■ WHAT THE TASK REQUIRES
Output each record below exactly. No images go in the copy.

==*==

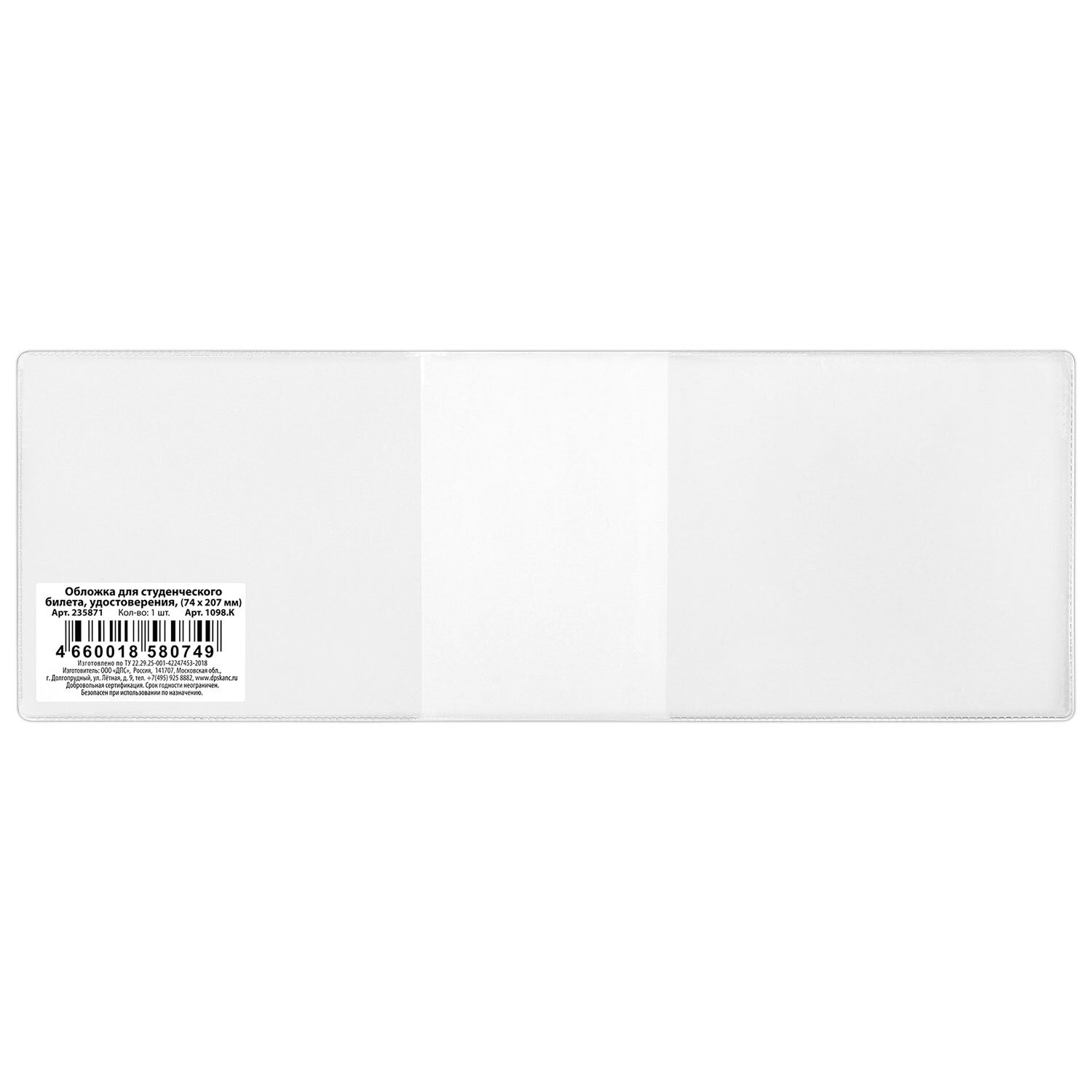 Обложка для студенческого билета, удостоверения, 104×74 мм, ПВХ, прозрачная, ДПС, 1098.К
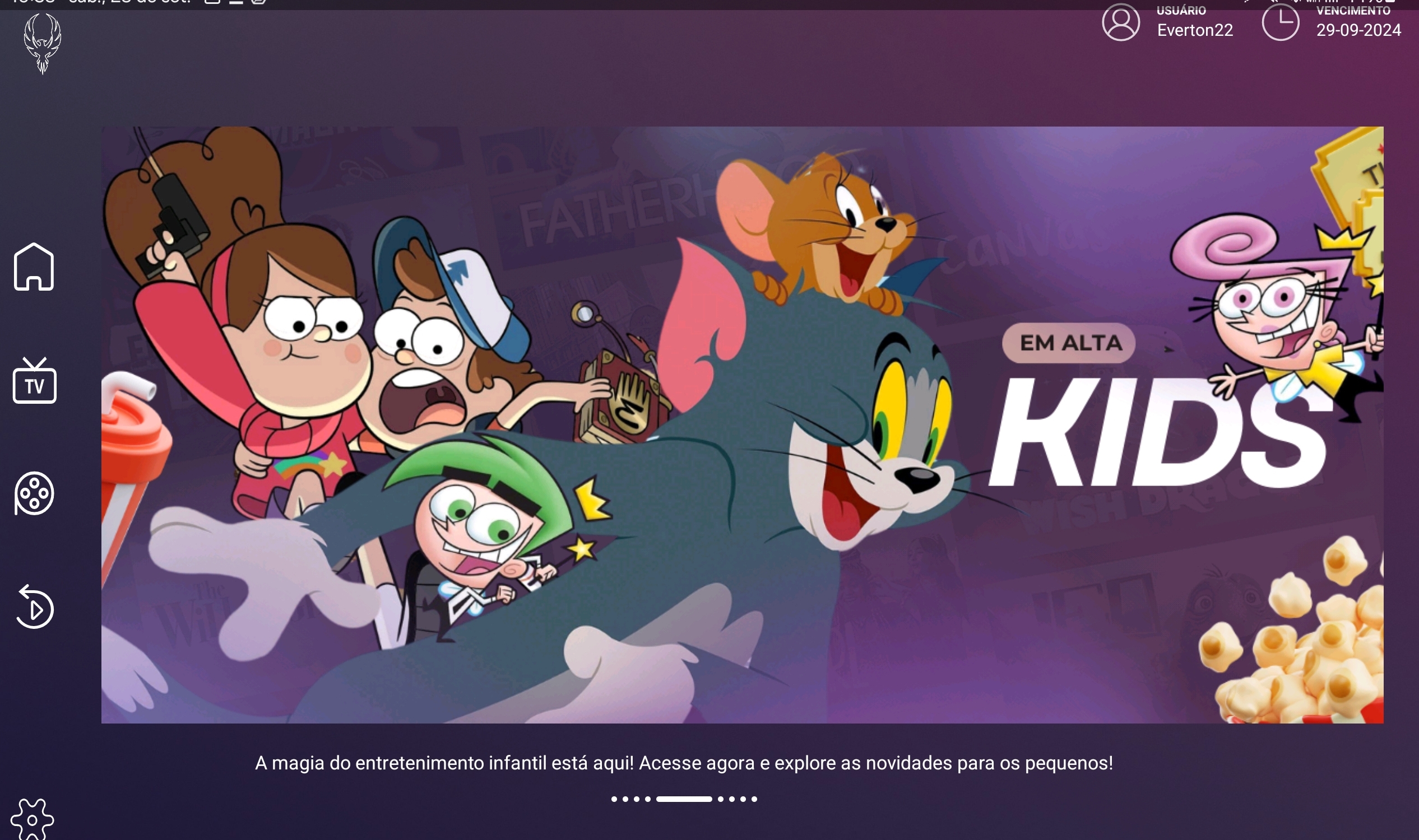 de VOD , e uma seção de recomendações de vídeos para
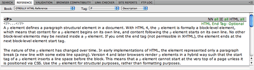 The Validation tab is handy for code purists who want to make sure that their code is legitimate by current standards. Clicking the green play button gives you a choice of whether to validate the entire site or just the current page. You can also change your validation settings (choose the Validator category of the Preferences window).
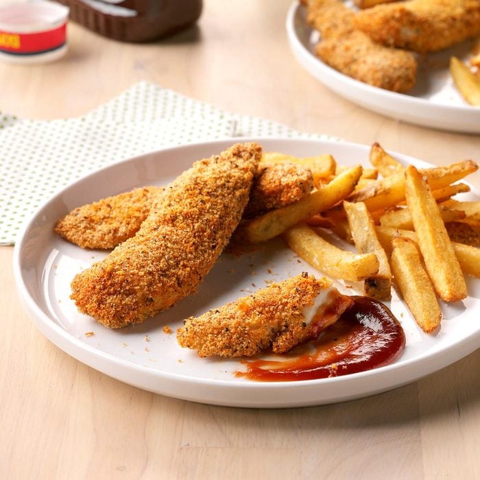 These savory strips are designed for kids, but tasty enough for company. The tender strips are moist and juicy and would be great on top of a Caesar or kale salad.
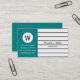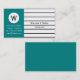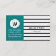 Carte De Visite Élégant Turquoise vert blanc noir rayures Monogram
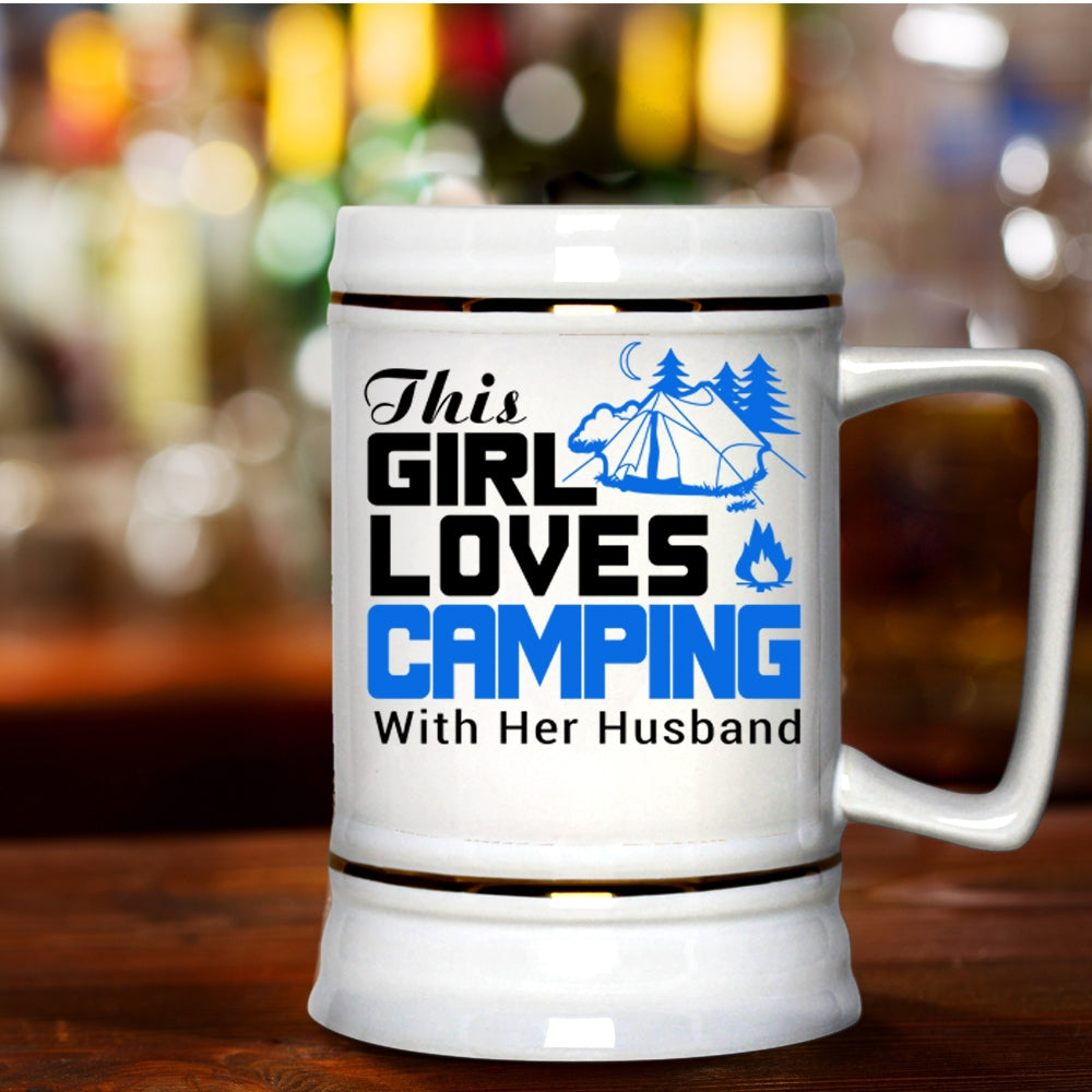 Cute Love Beer Stein 22oz, This Girls Loves Camping With Her Husband Beer Mug

==*==

■ EXERCISE ANSWER
 Обложка для студенческого билета, удостоверения, 104×74 мм, ПВХ, прозрачная, ДПС, 1098.К
 de VOD , e uma seção de recomendações de vídeos para
 The Validation tab is handy for code purists who want to make sure that their code is legitimate by current standards. Clicking the green play button gives you a choice of whether to validate the entire site or just the current page. You can also change your validation settings (choose the Validator category of the Preferences window).
 These savory strips are designed for kids, but tasty enough for company. The tender strips are moist and juicy and would be great on top of a Caesar or kale salad.
 Carte De Visite Élégant Turquoise vert blanc noir rayures Monogram
 Cute Love Beer Stein 22oz, This Girls Loves Camping With Her Husband Beer Mug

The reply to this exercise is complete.